From the listing below, retype exactly the line holding "Scratch Off Map", the line holding "Kalın Askılı Göğsü", and the lines between them; skip everything else.

━━━ Working data ━━━

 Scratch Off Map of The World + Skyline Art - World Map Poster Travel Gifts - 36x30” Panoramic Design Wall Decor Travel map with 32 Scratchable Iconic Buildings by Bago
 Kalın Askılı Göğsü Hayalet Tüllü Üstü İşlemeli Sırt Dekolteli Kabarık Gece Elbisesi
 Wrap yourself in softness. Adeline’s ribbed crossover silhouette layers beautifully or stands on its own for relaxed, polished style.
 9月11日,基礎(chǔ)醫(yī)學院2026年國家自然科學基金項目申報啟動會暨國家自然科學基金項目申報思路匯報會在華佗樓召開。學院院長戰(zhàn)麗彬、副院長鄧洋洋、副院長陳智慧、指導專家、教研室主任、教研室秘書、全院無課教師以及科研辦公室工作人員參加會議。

━━━
━━━ Working data ━━━

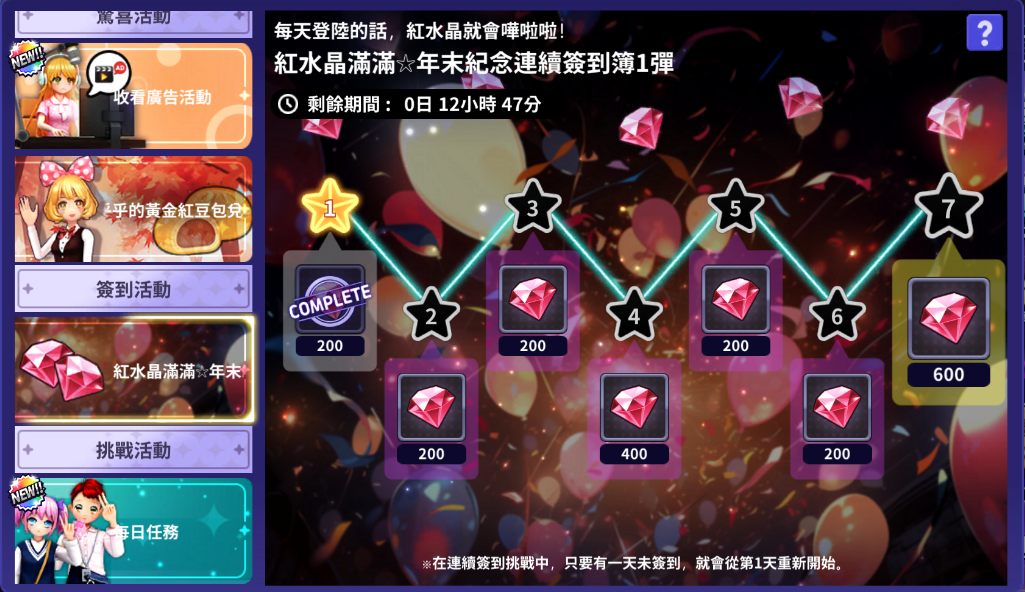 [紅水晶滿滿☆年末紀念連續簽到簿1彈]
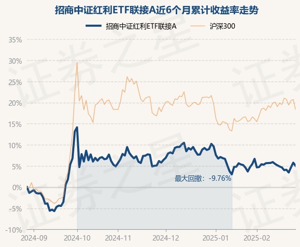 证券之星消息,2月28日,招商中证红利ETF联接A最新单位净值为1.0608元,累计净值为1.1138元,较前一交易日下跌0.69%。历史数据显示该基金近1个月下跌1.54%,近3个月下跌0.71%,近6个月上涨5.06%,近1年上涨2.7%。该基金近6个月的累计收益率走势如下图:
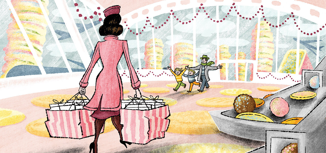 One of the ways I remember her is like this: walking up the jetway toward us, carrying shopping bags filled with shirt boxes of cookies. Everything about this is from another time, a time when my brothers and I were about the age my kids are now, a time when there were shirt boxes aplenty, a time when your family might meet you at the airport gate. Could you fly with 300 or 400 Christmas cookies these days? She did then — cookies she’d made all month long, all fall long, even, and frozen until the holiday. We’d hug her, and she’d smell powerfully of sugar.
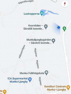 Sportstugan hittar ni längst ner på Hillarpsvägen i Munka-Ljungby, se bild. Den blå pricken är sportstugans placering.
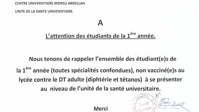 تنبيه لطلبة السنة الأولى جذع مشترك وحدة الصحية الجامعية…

━━━
━━━ Working data ━━━

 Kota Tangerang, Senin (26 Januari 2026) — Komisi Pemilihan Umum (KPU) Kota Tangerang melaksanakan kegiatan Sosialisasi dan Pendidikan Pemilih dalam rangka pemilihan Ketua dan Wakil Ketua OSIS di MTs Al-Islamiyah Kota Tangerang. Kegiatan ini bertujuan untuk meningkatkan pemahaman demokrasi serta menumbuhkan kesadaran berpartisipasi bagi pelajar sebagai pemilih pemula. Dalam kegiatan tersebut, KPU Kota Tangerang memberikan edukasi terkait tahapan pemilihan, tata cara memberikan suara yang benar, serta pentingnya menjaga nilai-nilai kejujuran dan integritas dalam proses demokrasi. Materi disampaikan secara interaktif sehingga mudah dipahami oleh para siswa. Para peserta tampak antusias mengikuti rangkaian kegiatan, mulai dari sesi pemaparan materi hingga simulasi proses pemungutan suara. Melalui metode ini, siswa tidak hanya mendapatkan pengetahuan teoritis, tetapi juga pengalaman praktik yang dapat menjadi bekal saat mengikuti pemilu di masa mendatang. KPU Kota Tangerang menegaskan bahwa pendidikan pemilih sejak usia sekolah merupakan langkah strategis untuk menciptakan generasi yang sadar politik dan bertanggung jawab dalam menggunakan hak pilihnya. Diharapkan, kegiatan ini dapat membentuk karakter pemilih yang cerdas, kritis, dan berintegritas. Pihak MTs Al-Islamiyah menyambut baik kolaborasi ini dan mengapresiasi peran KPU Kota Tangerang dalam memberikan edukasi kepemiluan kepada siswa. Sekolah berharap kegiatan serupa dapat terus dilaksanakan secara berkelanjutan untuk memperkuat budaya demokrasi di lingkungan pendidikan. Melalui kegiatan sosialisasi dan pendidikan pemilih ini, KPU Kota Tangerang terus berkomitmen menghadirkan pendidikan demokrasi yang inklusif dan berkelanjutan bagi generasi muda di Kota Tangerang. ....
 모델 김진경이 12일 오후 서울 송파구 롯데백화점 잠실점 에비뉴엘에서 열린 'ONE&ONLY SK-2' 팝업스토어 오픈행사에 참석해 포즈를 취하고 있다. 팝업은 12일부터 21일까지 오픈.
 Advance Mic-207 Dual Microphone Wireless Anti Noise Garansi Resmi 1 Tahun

━━━

__Task solution__
 Scratch Off Map of The World + Skyline Art - World Map Poster Travel Gifts - 36x30” Panoramic Design Wall Decor Travel map with 32 Scratchable Iconic Buildings by Bago
 Kalın Askılı Göğsü Hayalet Tüllü Üstü İşlemeli Sırt Dekolteli Kabarık Gece Elbisesi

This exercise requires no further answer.